**What the exercise asks:** Return all of the data verbatim, dropping any picture.

**Recorded data:**
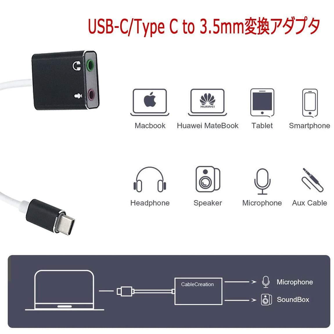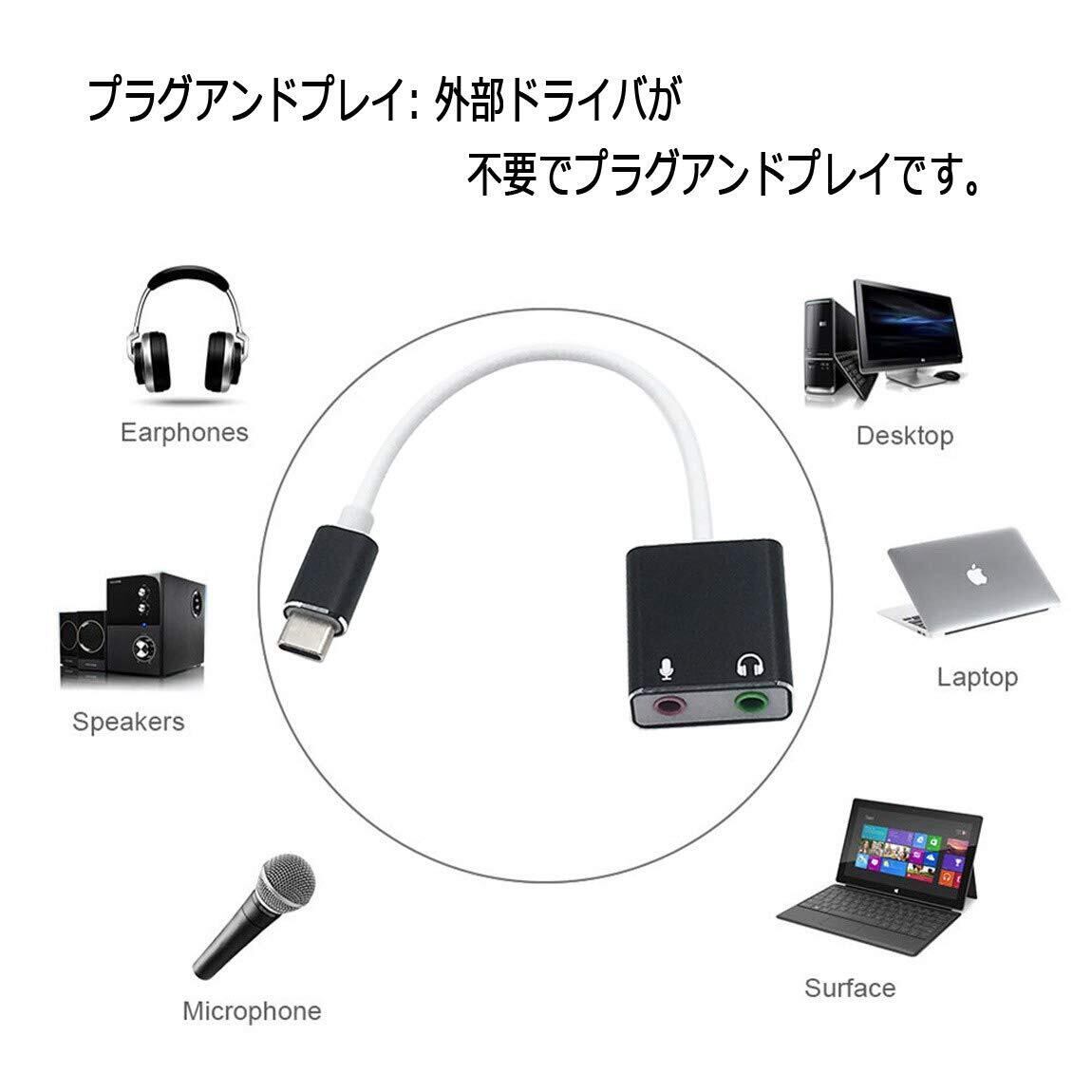 Type-C to 3.5mm変換アダプタャック ヘッドホン/マイク端子 プラグアンドプレイ。
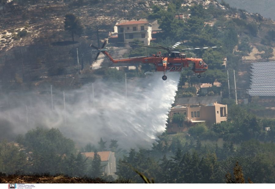 Η εξάπλωση των θερμών σημείων από τον ορεινό όγκο της Πεντέλης προς τα νότια αποκαλύπτει τη μεγάλη εξάπλωση της δασικής πυρκαγιάς η οποία καθοδηγείται από τους ισχυρούς βόρειους ανέμους.
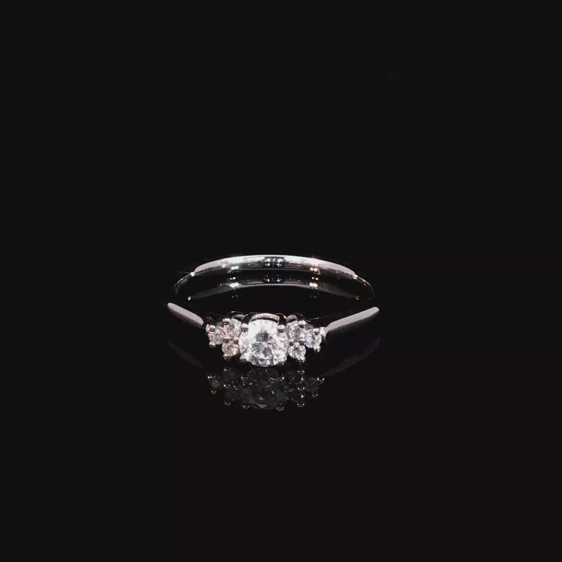 Anillo diseño Tricillo en platino, una joya de elegancia atemporal. El diseño presenta un diamante central (Certificado IGI) de corte brillante, complementado por delicados diamantes laterales que realzan su brillo.
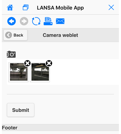 クィック・スタートプロパティ – モバイル・アプリのカメラモバイル・アプリのカメラ・ウェブレットを利用して、デバイスのカメラにアクセスでき、1枚または複数の写真の撮影が可能です。ページの送信時、この写真は指定のJSON webroutineにアップロードされます。
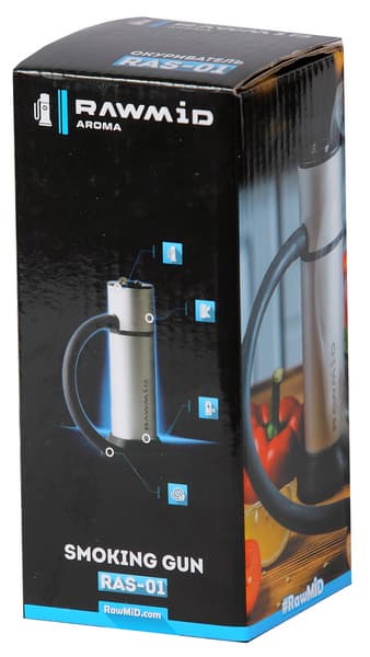 Дымогенератор Rawmid нас весьма порадовал: благодаря экспериментам с этим прибором мы выяснили, что в домашних условиях можно с легкостью приготовить самые разные продукты «со вкусом копчения» — начиная от простых снеков и закусок (сухарики, попкорн, сыр) и заканчивая довольно сложными и экзотическими блюдами (коктейли, соусы и т. п.).
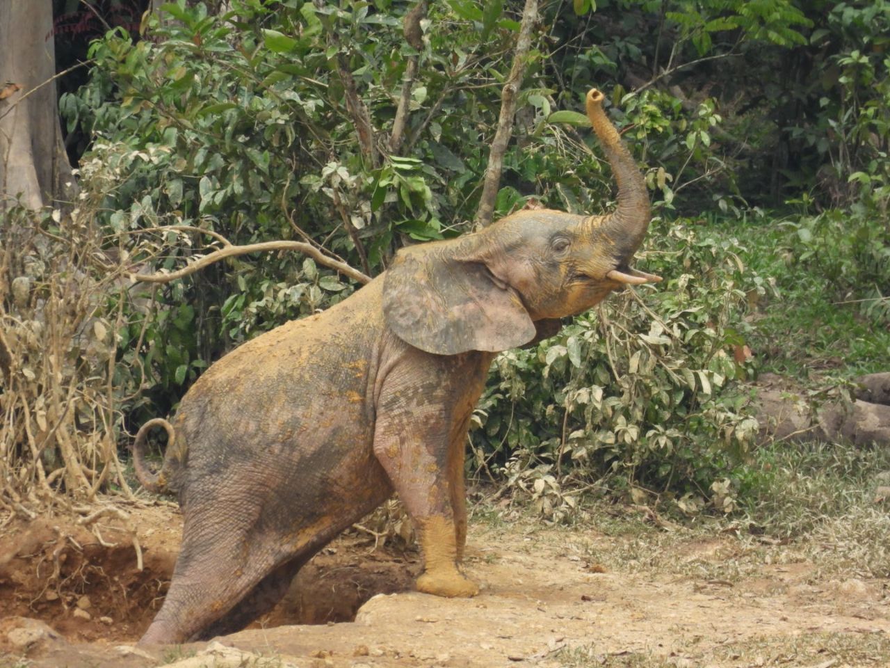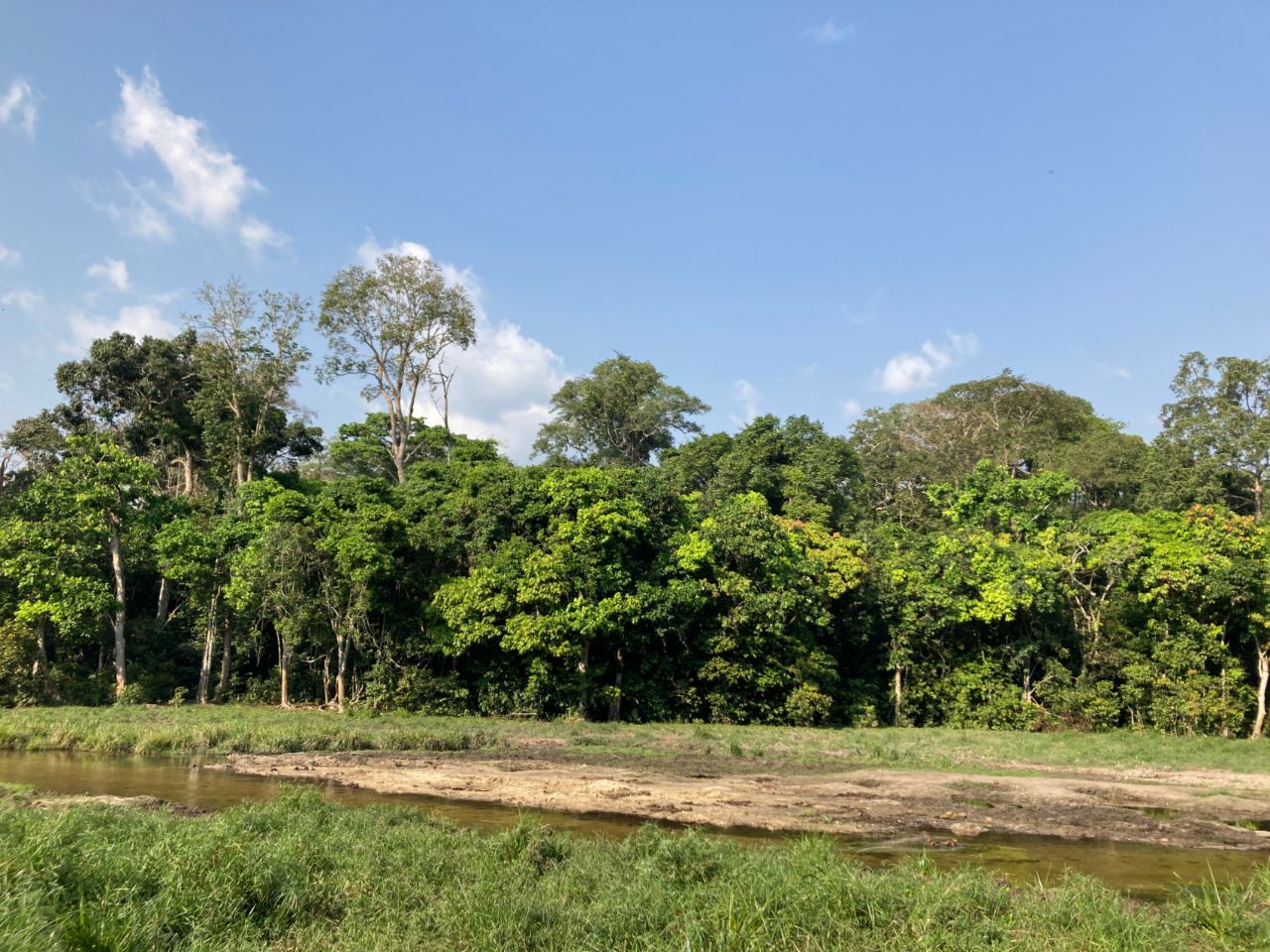 In de bai moet je weer een watertje oversteken (ik neem niet eens de moeite mijn schoenen uit te trekken), maar daarna is het een vlakke boswandeling. De locale trackers ‘glijden’ als het ware door het bos, waar de grotere gestaltes van de toeristen toch vaak in de takken verzeild raken.

**Solution to this task:**
 Type-C to 3.5mm変換アダプタャック ヘッドホン/マイク端子 プラグアンドプレイ。
 Η εξάπλωση των θερμών σημείων από τον ορεινό όγκο της Πεντέλης προς τα νότια αποκαλύπτει τη μεγάλη εξάπλωση της δασικής πυρκαγιάς η οποία καθοδηγείται από τους ισχυρούς βόρειους ανέμους.
 Anillo diseño Tricillo en platino, una joya de elegancia atemporal. El diseño presenta un diamante central (Certificado IGI) de corte brillante, complementado por delicados diamantes laterales que realzan su brillo.
 クィック・スタートプロパティ – モバイル・アプリのカメラモバイル・アプリのカメラ・ウェブレットを利用して、デバイスのカメラにアクセスでき、1枚または複数の写真の撮影が可能です。ページの送信時、この写真は指定のJSON webroutineにアップロードされます。
 Дымогенератор Rawmid нас весьма порадовал: благодаря экспериментам с этим прибором мы выяснили, что в домашних условиях можно с легкостью приготовить самые разные продукты «со вкусом копчения» — начиная от простых снеков и закусок (сухарики, попкорн, сыр) и заканчивая довольно сложными и экзотическими блюдами (коктейли, соусы и т. п.).
 In de bai moet je weer een watertje oversteken (ik neem niet eens de moeite mijn schoenen uit te trekken), maar daarna is het een vlakke boswandeling. De locale trackers ‘glijden’ als het ware door het bos, waar de grotere gestaltes van de toeristen toch vaak in de takken verzeild raken.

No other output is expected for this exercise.